● **TO DO**
Beginning with the line that includes "Title (ebay affiliate" and ending with the last line, print the records exactly, leaving every picture out.
Start of RECORD EXCERPTS
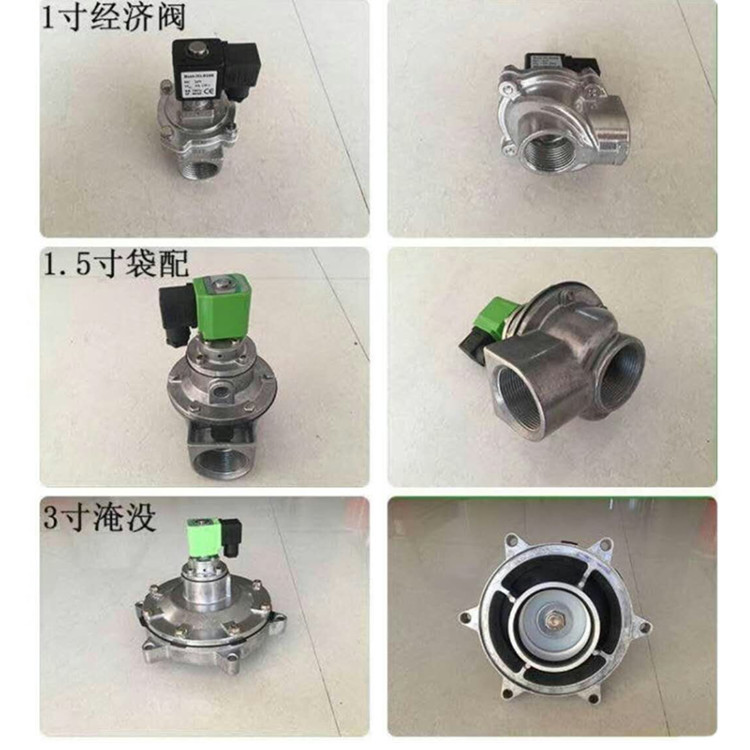 膜片把電磁脈沖閥分成前、后兩個氣室,當接通壓縮空氣時,壓縮空氣通過節(jié)流孔進入后氣室,此時后氣室壓力將膜片組件緊貼閥的輸出口,電磁脈沖閥處于“關閉”狀態(tài)。脈沖噴吹控制儀的電信號使電磁脈沖閥銜圃后移,閥后氣室放氣孔打開,后氣室迅速失壓,膜片組件后移,壓縮空氣通過閥輸出品噴吹,電磁脈沖閥處于“開啟”狀態(tài)。脈沖嘞吹控制儀電信號消失,電磁脈沖閥銜圃復位,后氣室放氣孔關閉,后氣室壓力升高使膜片組件緊巾閥的輸出口,電磁脈沖閥又處于“關閉”狀態(tài)。
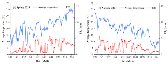 Average temperature and reference crop evapotranspiration (ET0) during the tomato growing seasons in spring and autumn 2023.
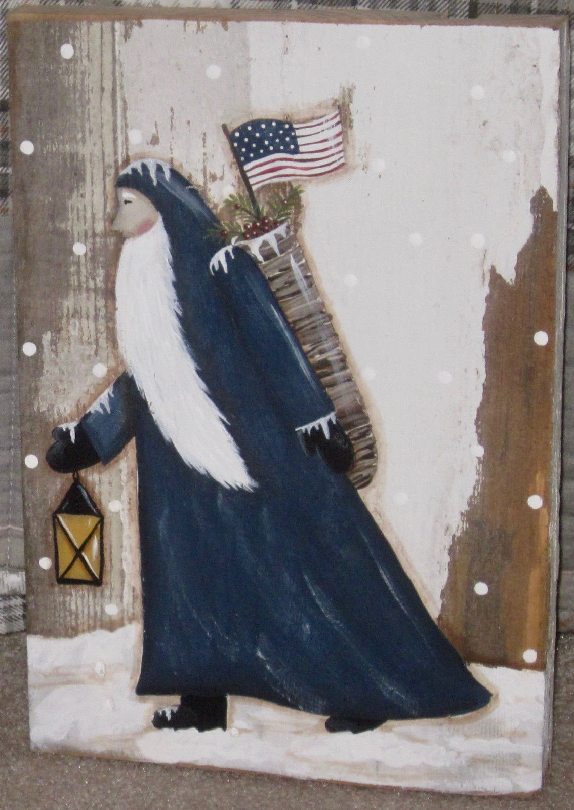 Title (ebay affiliate link): *~*PRIMITIVE*~* HP FOLK ART PRIM BELSNICKEL SANTA *~* FLAG *~* RECLAIMED WOOD
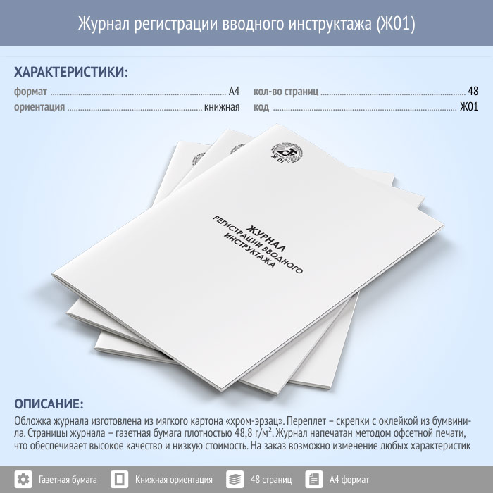 Журнал регистрации вводного инструктажа (48 стр., Ж01) в Ачинске купить
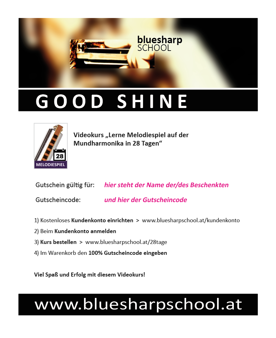 Das perfekte Geschenk für MusikliebhaberInnen: Ein Gutschein für den Video-Kurs „Lerne Melodiespiel auf der Mundharmonika in 28 Tagen“.
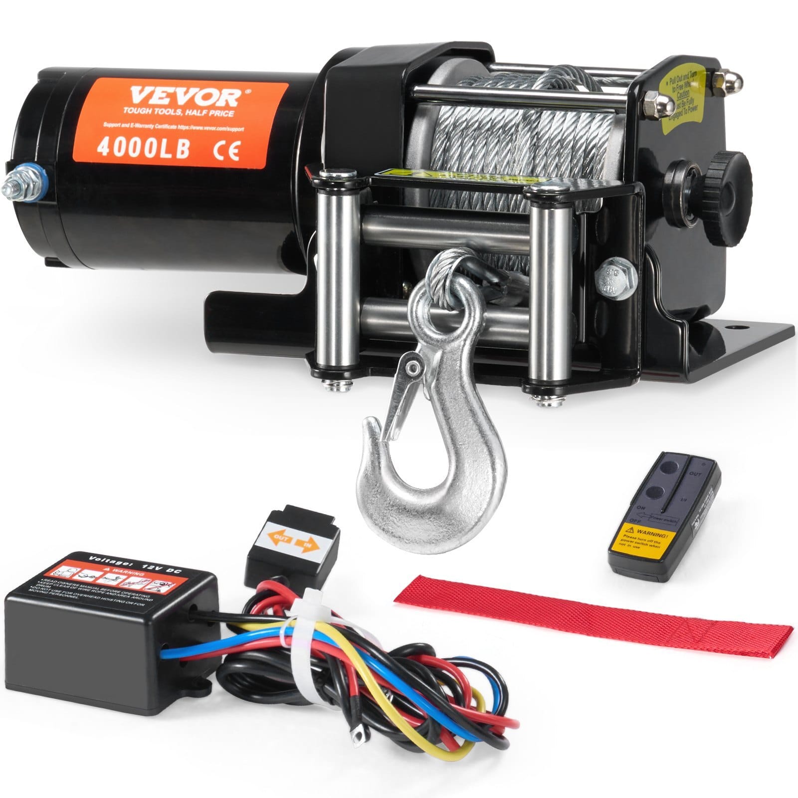 Electric Winch, 4000 lb Line Pull Capacity, 12V DC ATV/UTV Winch with ?¦3/16 in x 39 ft 7 Strands Steel Cable Roller Fairlead Wireless & Wired Remote Control, IP55 Waterproof for Towing UTV ATV
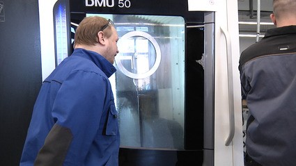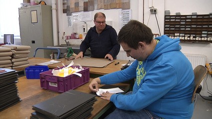 In diesem ersten Arbeitsmarkt können sich die Angestellten der Behindertenwerkstatt gleich ausprobieren. Unter demselben Dach ist auch eine Inklusionsfirma, die zur Lebenshilfe gehört. Von den 30 Angestellten, die hier arbeiten, haben 12 eine Behinderung. Diese Firma stellt Kunststoff-Spritzguss-Erzeugnisse für die Industrie her.
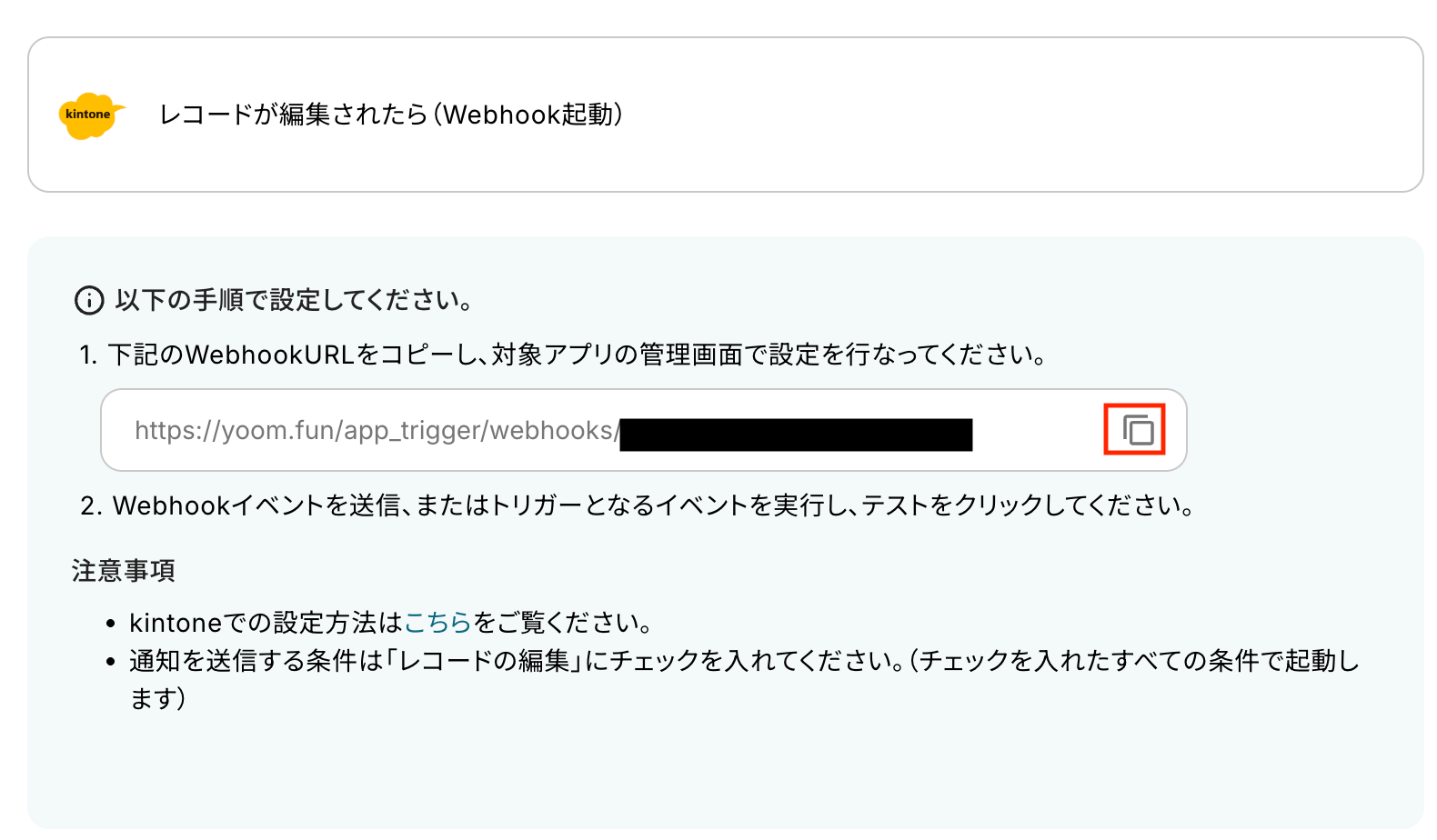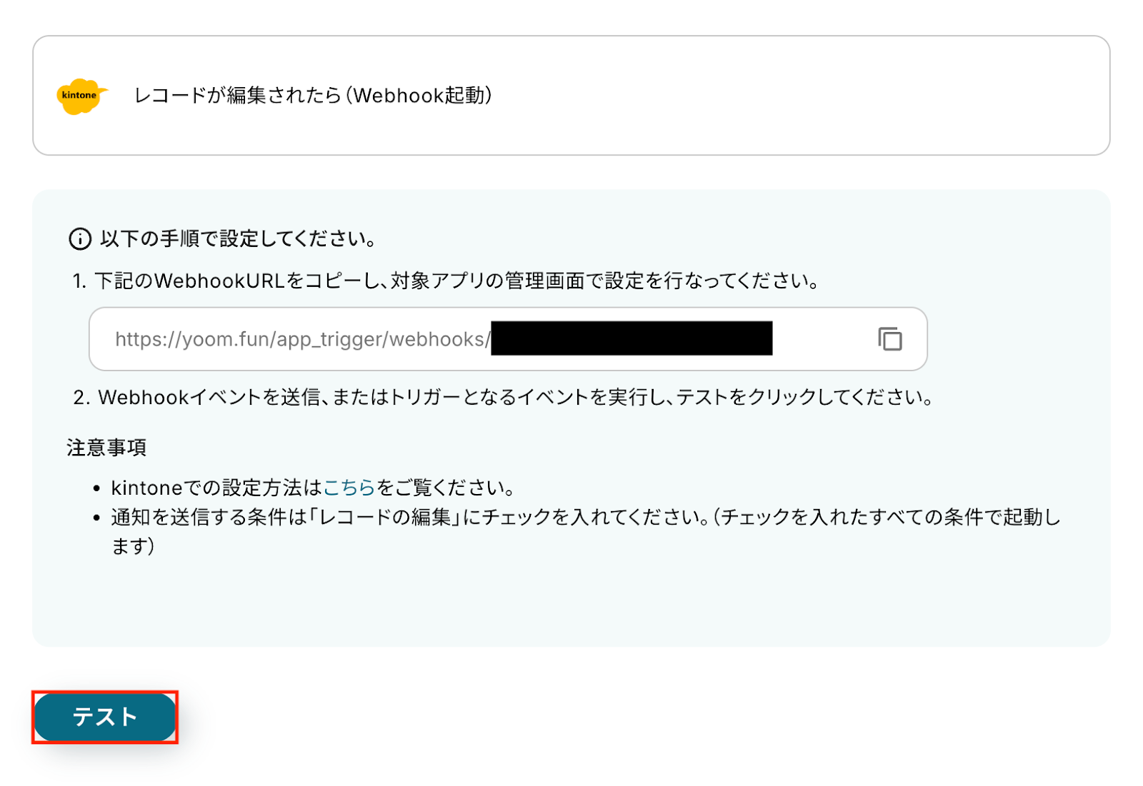 この設定により、レコードの登録といったイベントが発生した際に、その内容がWebhook経由で自動的に通知され、Yoom側で処理を開始できるようになります。
End of RECORD EXCERPTS
● **OUTPUT**
 Title (ebay affiliate link): *~*PRIMITIVE*~* HP FOLK ART PRIM BELSNICKEL SANTA *~* FLAG *~* RECLAIMED WOOD
 Журнал регистрации вводного инструктажа (48 стр., Ж01) в Ачинске купить
 Das perfekte Geschenk für MusikliebhaberInnen: Ein Gutschein für den Video-Kurs „Lerne Melodiespiel auf der Mundharmonika in 28 Tagen“.
 Electric Winch, 4000 lb Line Pull Capacity, 12V DC ATV/UTV Winch with ?¦3/16 in x 39 ft 7 Strands Steel Cable Roller Fairlead Wireless & Wired Remote Control, IP55 Waterproof for Towing UTV ATV
 In diesem ersten Arbeitsmarkt können sich die Angestellten der Behindertenwerkstatt gleich ausprobieren. Unter demselben Dach ist auch eine Inklusionsfirma, die zur Lebenshilfe gehört. Von den 30 Angestellten, die hier arbeiten, haben 12 eine Behinderung. Diese Firma stellt Kunststoff-Spritzguss-Erzeugnisse für die Industrie her.
 この設定により、レコードの登録といったイベントが発生した際に、その内容がWebhook経由で自動的に通知され、Yoom側で処理を開始できるようになります。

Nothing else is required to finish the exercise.